Data structures


In Python the easiest way to implement a 2D array is a list of lists. For a 3D array: list of lists of lists and so on...

M = [[1, 2], [3, 4]]

You can access the emelents with multiple bracket [ ] indexing:

M = [[[1, 2], [3, 4]], [[5, 6], [7, 8]], [[0, 9], [0, 0]]]  # 3x2x2 array

Write a function that prints a 2D array in a tabular like format:

1   2
3   4
def array_print(M):
    for i in range(len(M)):
        for j in range(len(M[i])):
            print M[i][j], "\t",   # TAB character
1 	2 	3 	
4 	5 	6 	
7 	8 	9 	
array_print([[1,2,3, 3.5],[4,5,6, 6.5],[7,8,9, 9.5]])
1 	2 	3 	3.5 	
4 	5 	6 	6.5 	
7 	8 	9 	9.5 	

Embedded data structures

Let's say that a store would like to set up a discount system for regular customers. The store's database has the name of the customers (a unique string) and their shopping costs so far. The customers are stored in a list, every element of the list is a pairs: their name and their list of shopping costs. For example one customer entry would look like this:

["Anna", [54, 23, 12, 56, 12, 71]]

The discounts are calculated in the following way:

Total shoppings > 200: $10\%$

Total shoppings > 500: $15\%$

Total shoppings > 1000: $20\%$

Otherwise no discount ($0\%$).

Write a function that calculates the discount for every customer.
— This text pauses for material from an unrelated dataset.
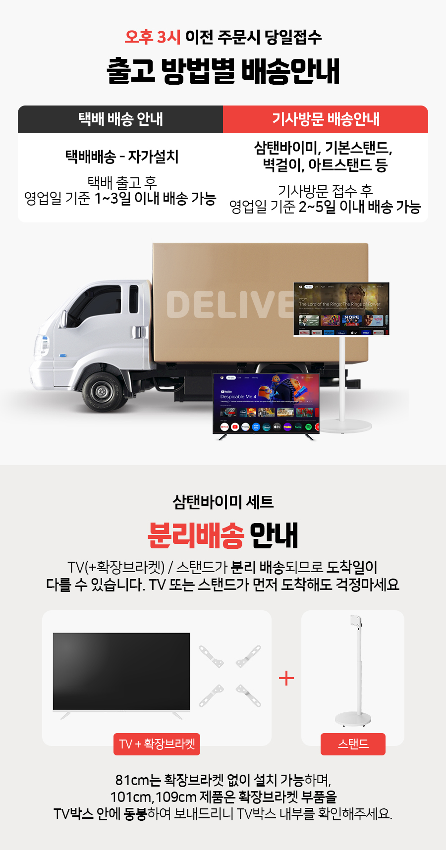 대형가전이나 화물배송 상품의 경우, 추가비용이 발생할 수 있습니다.(옵션선택)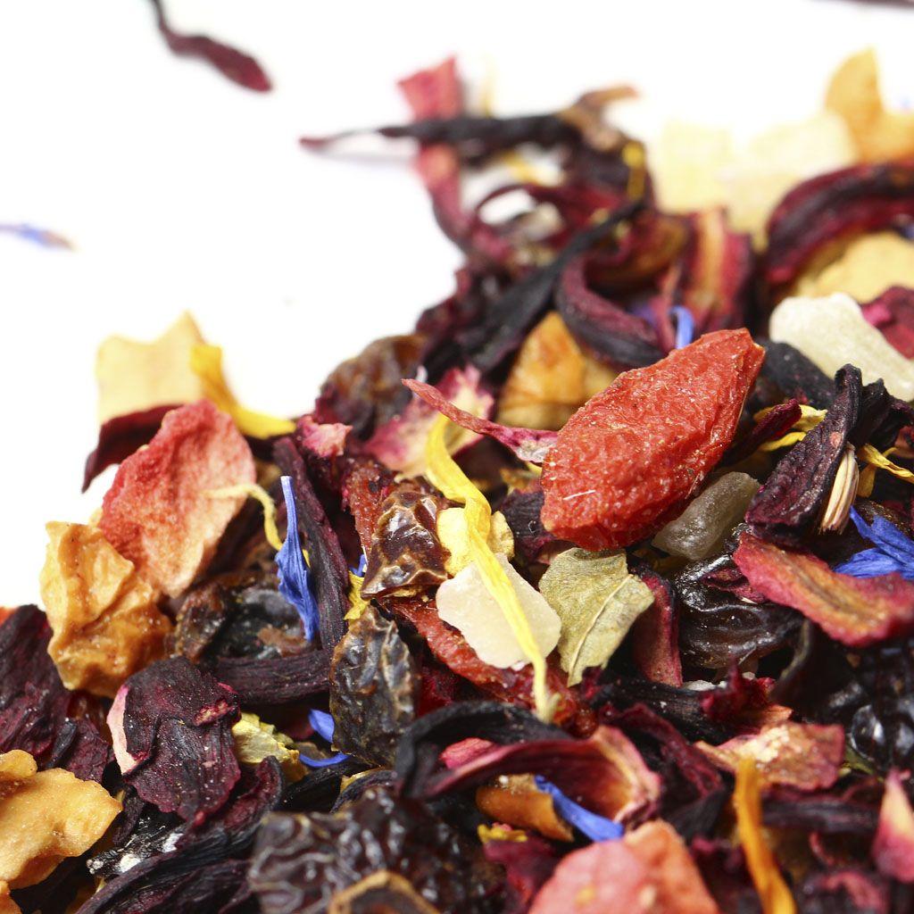 Сочный насыщенный микс на основе каркадэ вобрал в себя аппетитные кусочки ананаса, яблок, папайи и клубники. Смесь дополнена красным изюмом, ягодами Годжи и измельченными плодами шиповника, приправлена цедрой апельсина, листьями смородины и цветочными лепестками календулы и василька. О более лакомом сочетании невозможно мечтать!

  • The input is the list of customer entries
  • The output is the list of the discounts in a length 2 list: name and the discount
  • For example a list of these: ["Anna", 10]

How to begin? Break down to subtasks!

  1. Decide the discount from the total shopping cost ( 228 -> 10 )
  2. calculate the total shopping cost (sum the list of costs)
  3. Do this for every customer and return the results in a result list

There are two ways to achive this (design pattern):

  • top-down: first write the final function assuming that the smaller subtask (functions) are already done, then do the smaller tasks
  • bottom-up: write the smaller subtasks first, then work your way up to the final task
# top-down

def discount(customers):
    result = []
    for customer in customers:
        result.append( calculate_discount(customer) )
    return result

def calculate_discount(customer):
    name = customer[0]
    total_cost = 0
    for shopping in customer[1]:
        total_cost += shopping
    return [name, discount_from_total(total_cost)]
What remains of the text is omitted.